What does religion add to your life?
• Vertical component to life: everything I do
is part of my relationship with God.
• Enriched horizontal component to life:
every human I meet is a child of God,
someone who God wants me to love.
• God’s promises: who we are and what we
do in this life has eternal significance.

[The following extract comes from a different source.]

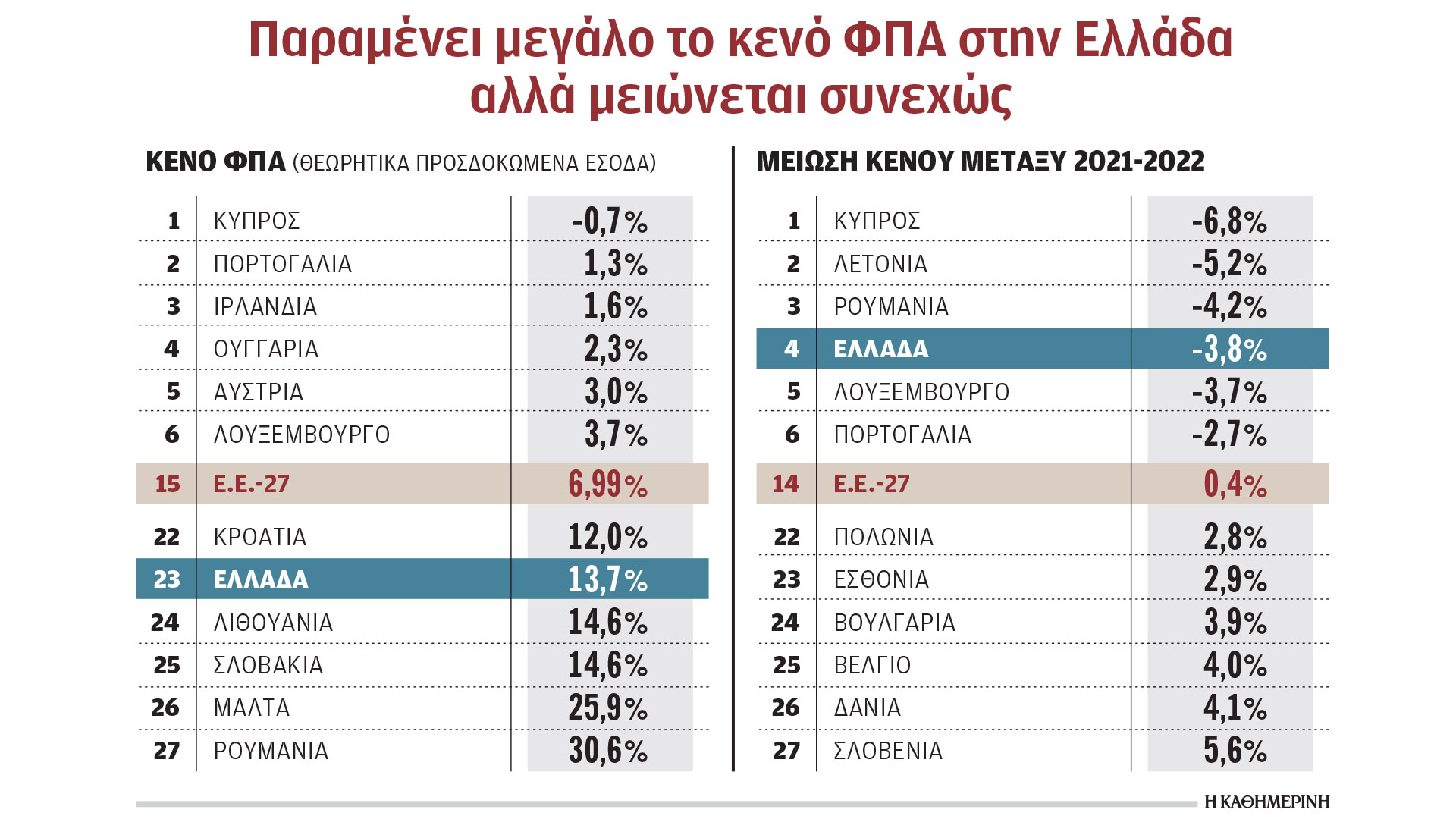 Στην Ε.Ε. το κενό ΦΠΑ υπολογίζεται σε 7% αυξημένο κατά 0,4 ποσοστιαίες μονάδες σε σύγκριση με το 2021. Η χώρα μας, παρά τη βελτίωση, κατέλαβε την 23η θέση στην Ε.Ε.

Can’t you be good without God?
Harvard Society of Fellows Declaration of Principles:
"You have been selected as a member of this society for your personal
prospect of serious achievement in your chosen field, and your promise
of notable contribution to knowledge and thought. That promise you
must redeem with your whole intellectual and moral force. You will
practice the virtues, and avoid the snares, of the scholar. You will be
courteous to your elders who have explored to the point from which
you may advance; and helpful to your juniors who will progress farther
by reason of your labors. Your aim will be knowledge and wisdom, not
the reflected glamour of fame. You will not accept credit that is due to
another, or harbor jealousy of an explorer who is more fortunate. You
will seek not a near but a distant objective, and you will not be satisfied
with what you may have done. All that you may achieve or discover
you will regard as a fragment of a larger pattern of the truth which from
the separate approaches every true scholar is striving to descry. To
these things, in joining the Society of Fellows, you dedicate yourself."